Тем обстоятельством, что Чехов был врач, можно в известной степени
объяснить и некоторые особенности истории его болезни. Как это ни странно,
но как раз врачи чаще других впадают в две возможные крайности: или они
переоценивают свои болезненные ощущения и симптомы и относят к себе все
самое неблагоприятное, что знают про свою болезнь, или, наоборот,
недооценивают того, что есть, опять-таки стараясь /599/ обосновать свое
отношение медицинскими соображениями.
Я уже упоминал о том, что в самое первое время нашего знакомства Чехов
про болезнь свою не говорил.

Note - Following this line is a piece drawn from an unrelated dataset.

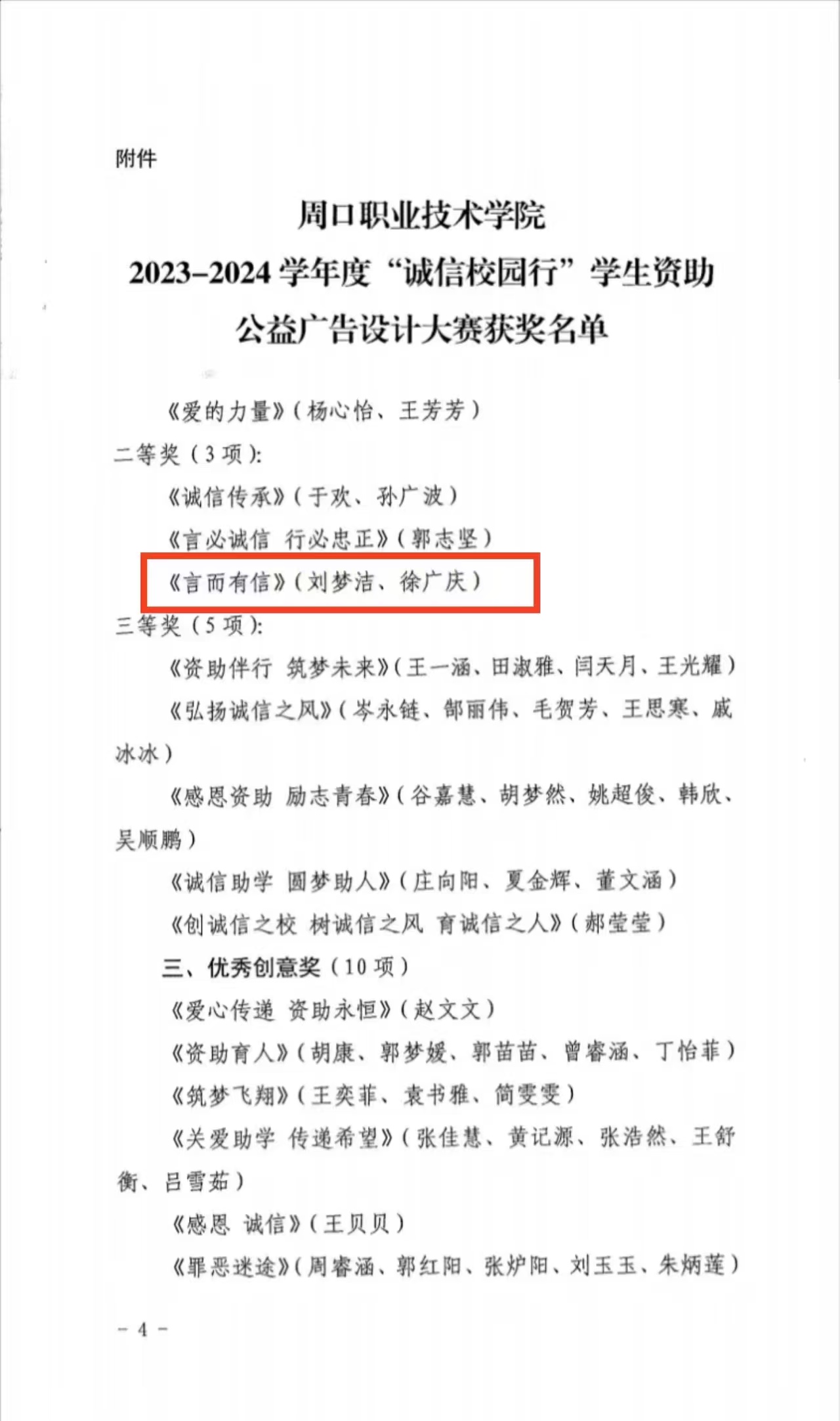 公司参赛作品内容丰富、构思精巧,紧扣“诚信”主题,展现了受助员工奋发向上、追逐梦想的精神风貌。作品以新颖的创意和高水平的艺术表现力,生动诠释了国家资助政策的重要意义,传递了“诚实入人心,守信驻校园”的核心价值,为资助育人工作注入了鲜活的内涵。

В конце ноября 1898 года рано утром мне
принесли от него записку, в которой он просил зайти, захватив с собой
"стетоскопчик и ларингоскопчик"{599}, так как у него кровохарканье, - и я
действительно застал его с порядочным кровотечением. Ларингоскоп тут был ни
при чем, потому что не могло быть никакого сомнения, что это настоящее
легочное кровотечение. Когда через несколько дней я мог его детально
исследовать, то я был поражен найденным. В этот первый наш медицинский
разговор Чехов начал летосчисление с года поездки на Сахалин (1890), когда у
него в дороге появилось будто бы первое кровохарканье, но впоследствии
выяснилось, что оно было уже в 1884 году и потом довольно нередко
повторялось. И с студенческих лет он много кашлял, весною и осенью плохо
себя чувствовал и нередко лихорадил, но объяснял это инфлуэнцой, никогда не
лечился, не давал себя выслушивать, чтобы "чего-нибудь там не нашли".